The Women and Work programme is to be relaunched and will offer grants of £650 for training women in the food and drink industry.
The food and drink sector skills council, Improve, and the National Skills Academy for Food and Drink Manufacturing (NSA-FDM) are reintroducing the scheme which was first introduced in 2006. It will fund training through a matched contribution arrangement. Training programmes will have to cost a minimum of £750 to be eligible for the subsidy, with employers asked to fund the difference. In addition, employers will be required to make a contribution in kind – time, travel, accommodation, facilities and other resources – of £900 per trainee.
Training funded under the scheme falls under three strands:
• Women in Industry: Supporting access and retention of women in male-dominated sectors through careers guidance, vocational qualifications, and training or re-training in specific skills where there is an identified need;
• Women in the Lead: Supporting career progression into supervisory and line-management roles through training in specific techniques such as supervision, negotiation, risk management and project management;
• Women in Business: Supporting increased earning potential for women through a range of mentoring learning and training aimed at accessing middle and higher management positions.
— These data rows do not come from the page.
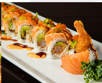
SALMON TRAIN 7.45 IN: I-CRAB, SHRIMP TEMPURA, AVOCADO OUT: SALMON, GREEN ONION, MASAGO, PONZU, SPICY MAYO, EEL SAUCE
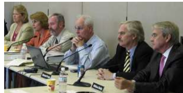
Delta Vision Task Force
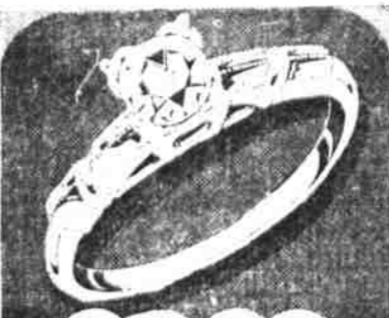
Diamond Ring $49.75
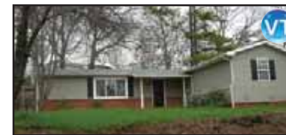
3 BEDROOM 2 BATH HOUSE on 1.53 acres with a commercial bldg perfect for mechanics garage, art studio, storage, etc. $170,000 www.rewnc.net/769039
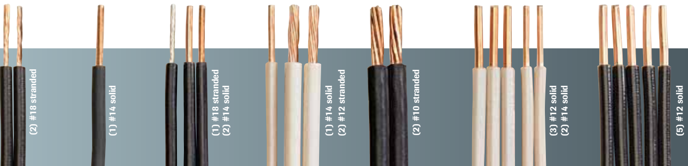
(2) #18 stranded (1) #14 solid (1) #18 stranded (2) #14 solid (1) #14 solid (2) #12 stranded (2) #10 stranded (3) #12 solid (2) #14 solid (5) #12 solid

The B2 B-CAP ® Wire Connector is the universal connector that accepts the widest range of wire combinations. Plus, the Classic Fin™ ergonomic design fits easily in tight electrical boxes.
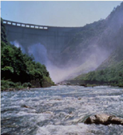
Kurobegawa No.4 Hydro Power Plant (335 MW)

Cautionary Information with Respect to Forward-Looking Statements Statements made in this Annual Report with respect to The Kansai Electric Power Company's plans, strategies and beliefs, and other statements that are not historical facts are forward-looking statements about the future performance of the Company. These statements are based on management's assumptions and beliefs in light of the information currently available to it, and therefore involve risks and uncertainties. Potential risks and uncertainties include, without limitation, the general economic conditions and changes to laws and regulations.
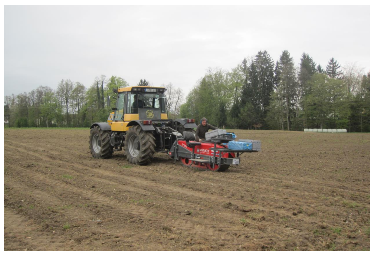
Figure 5: Planting machine "in action" at the new SRC site in St. Leonhard (1)
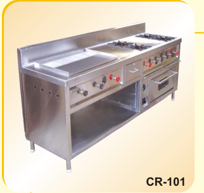
Multipurpose Cooking Range
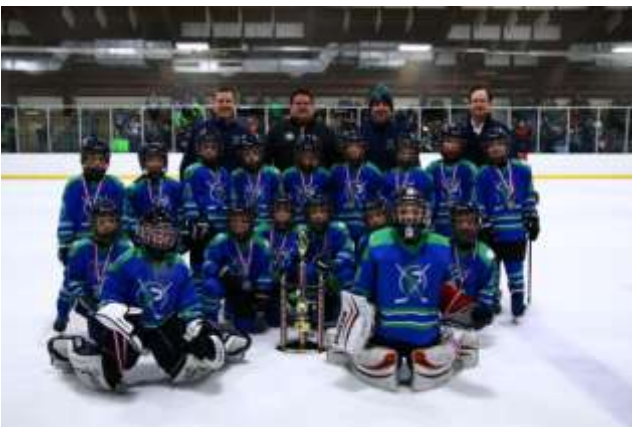
St.Clair 1 - Plymouth Whalers
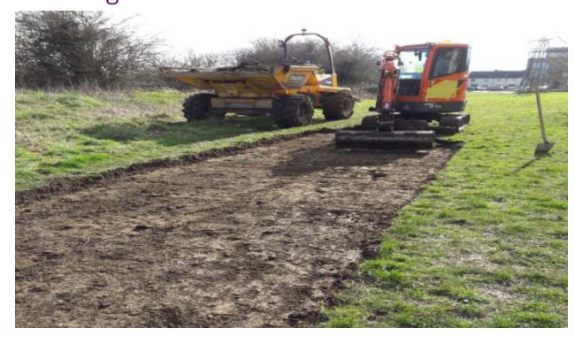
Ashton Broc Footpath Layout

Works have commenced on a footpath in the Broadmeadow River community park at Ashton-Thornleigh.
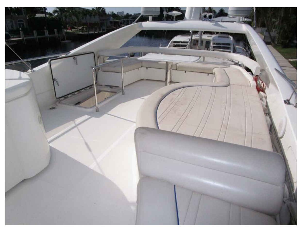
Flybridge Looking Aft
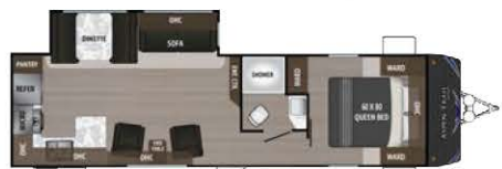
ASPEN TRAIL 2880RK's Length: 32' 11" Weight: 6,625 lbs. Sleeps: 4-6 Hitch: 679 lbs. Height: 11'2"
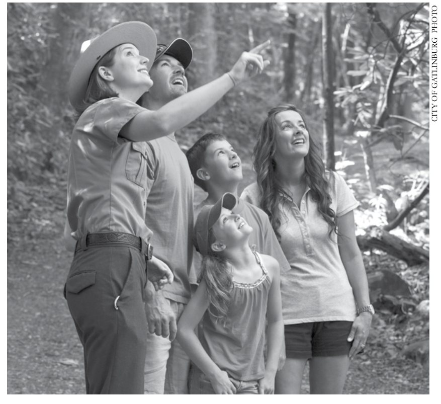
Programs will be held throughout the park this summer.
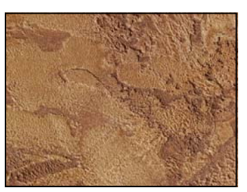
20-64 Umber Standard Color
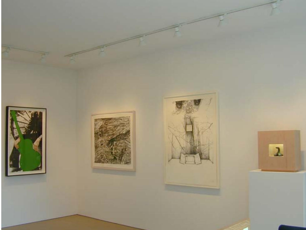
Left to Right: John Baldessari, Person with Guitar (Green) 2004, Susan Rothenberg, Slip 2003, Robert Gober, Untitled 2002, Ken Price, Curly 2005
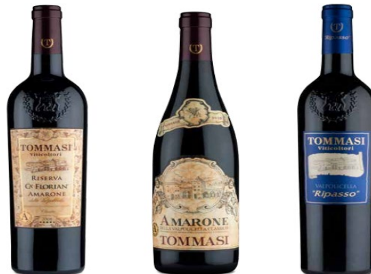
CA' FLORIAN AMARONE DELLA VALPOLICELLA CLASSICO RISERVA DENOMINAZIONE DI ORIGINE CONTROLLATA
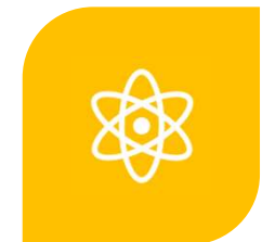
SCIENCE & TECHNOLOGY
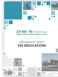
Use Regulations, January 2022

Updated regulations will be drafted in groups of related topics. Each group of updated regulations will be available for public review through the website and study sessions with the Planning Commission.
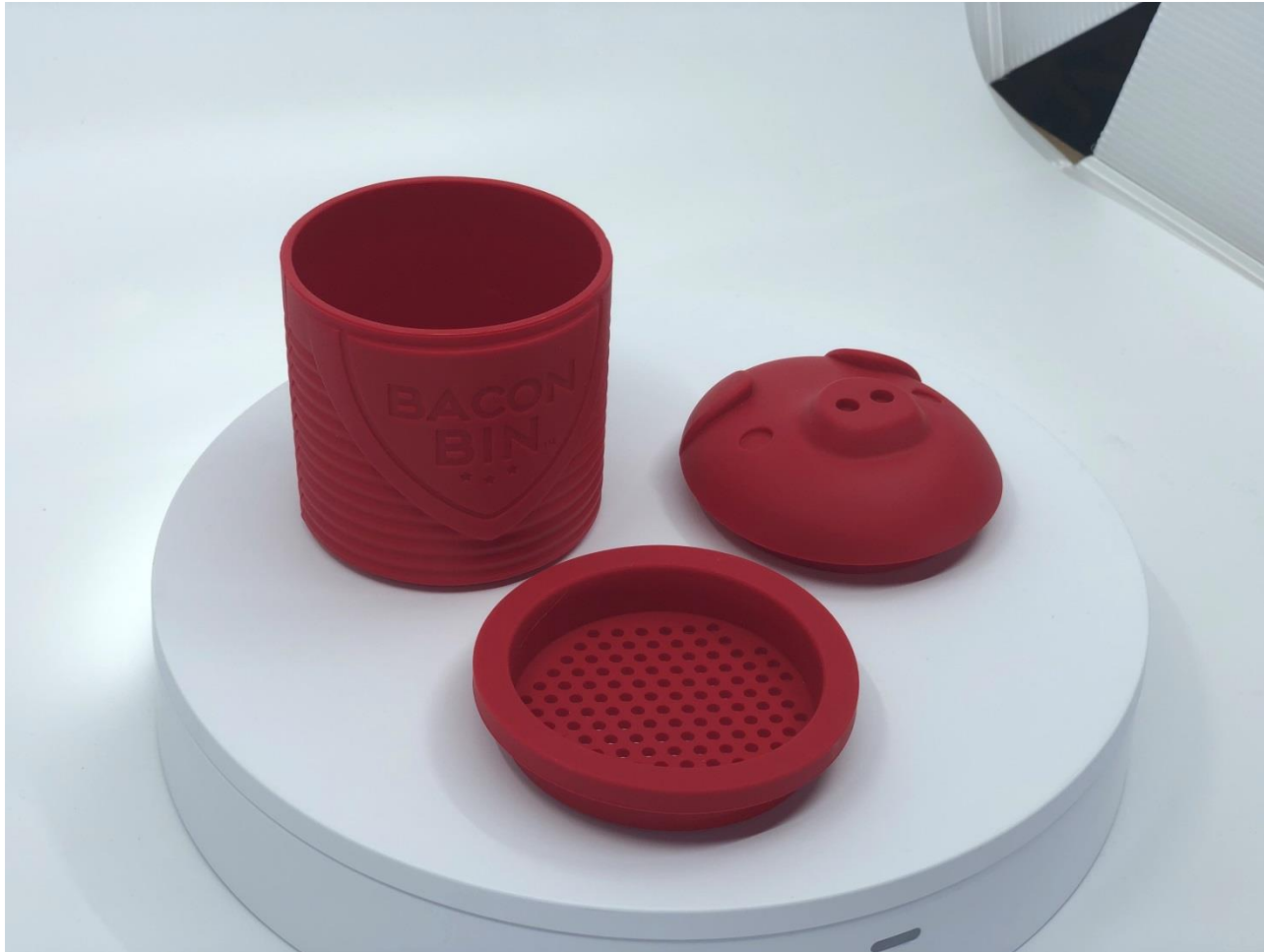
Side View of Authentic Bacon Bin ® molded in Red (Bacon Bin shield is shown on the body)
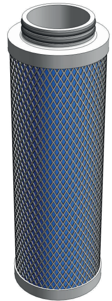
Depth Filter UltraPleat® MF
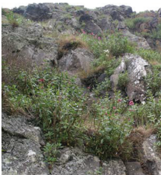
Spur valerian invading a rocky outcrop
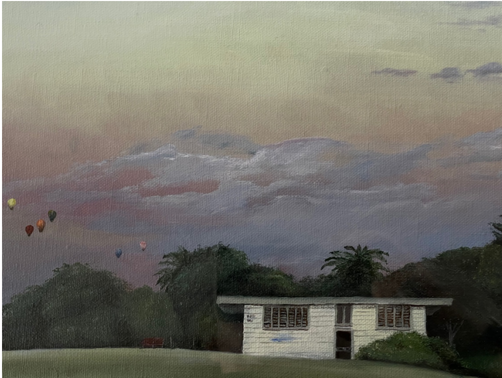
Wattle Park 2 (detail), 2024; Oil on canvas
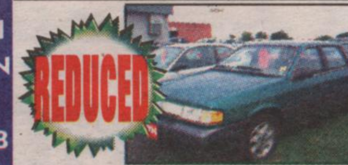
REDUCED 1994 MERCURY TOPAZ •V6 •Auto •Air •Low kms
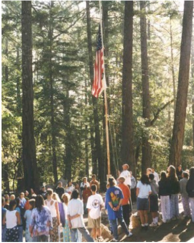
4-H Summer Camp Flag Ceremony

Safety materials included the development of an additional 18 "Clover Safe" notes and 15 attendant activity sheets. A total of 82 Clover Safe notes and 66 activity sheets are now posted on the EH&S web site. A series of 82 Newsletter Items have been developed for use by 4-H Program Representatives.
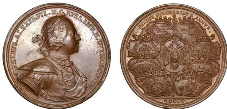
1566 Military Successes of Russia, 1710 , a bronze Medal by T. Ivanov, laureate, draped and armoured bust right, rev. coat of arms at centre, surrounded by 8 shields depicting military victories that year, 47mm, 42.25g (Diakov 39.6). Toned with underlying reflectivity, good extremely fine [Graded by NGC as 63 BN] £120-£150
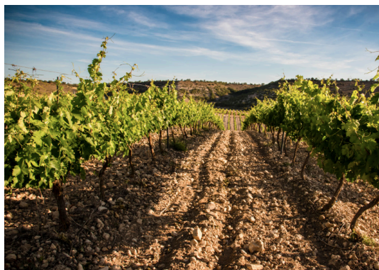
" High above the Valley Floor"
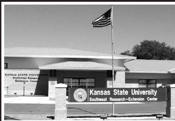
Southwest Research-Extension Center
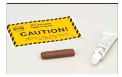
ET-6C, ET-7C, ET-8C end termination kits are designed to properly terminate the end (away from power) of a heat tracing circuit. Each kit includes a rubber end cap, RTV adhesive and caution label.
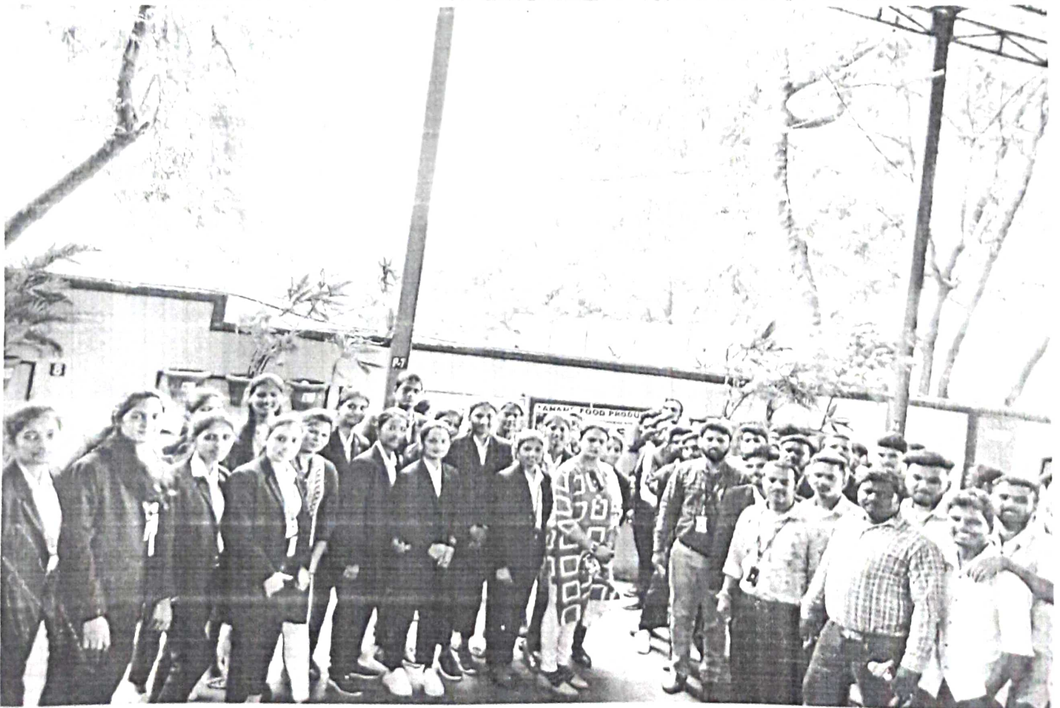
Industrial Visit to Anand Food Products (Parle) on 17 th June 2023
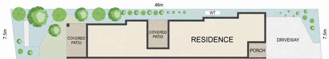
46m SITE PLAN
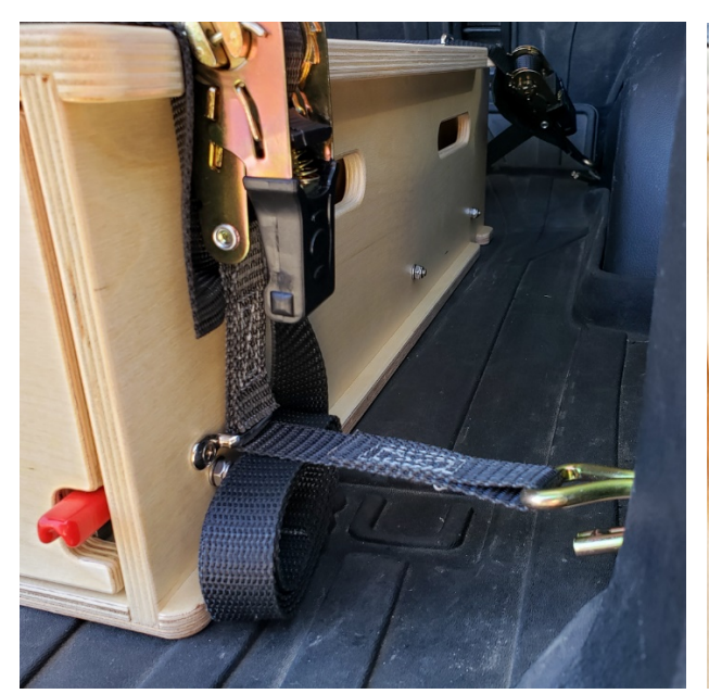
Further Out - Four Anchor Point Mounting Configuration

If you only have two anchor points: Run the front adjustable strap end through the side footman loop and thread it into the longer ratchet strap end.

The NSA-FM says women make up just a third of the workforce in the food and drink industry and around a quarter of all women employed in food and drink work part-time compared to just four per cent of men.
“There is a real need to address this massive gender imbalance and unlock the talent women have for the future good of the industry,” says Liz Pattison, head of skills solutions at the NSA-FDM. “There are skills gaps and shortages in every sector of food and drink, and the industry needs to recruit around 60,000 extra people to management, professional and technical positions by 2017. Increasing entry and retention of women at all levels, improving opportunities for career progression and increasing earning potential can play a vital role in addressing these needs, and the Women and Work initiative has been developed to provide a solution which will reach out to women right across the industry.”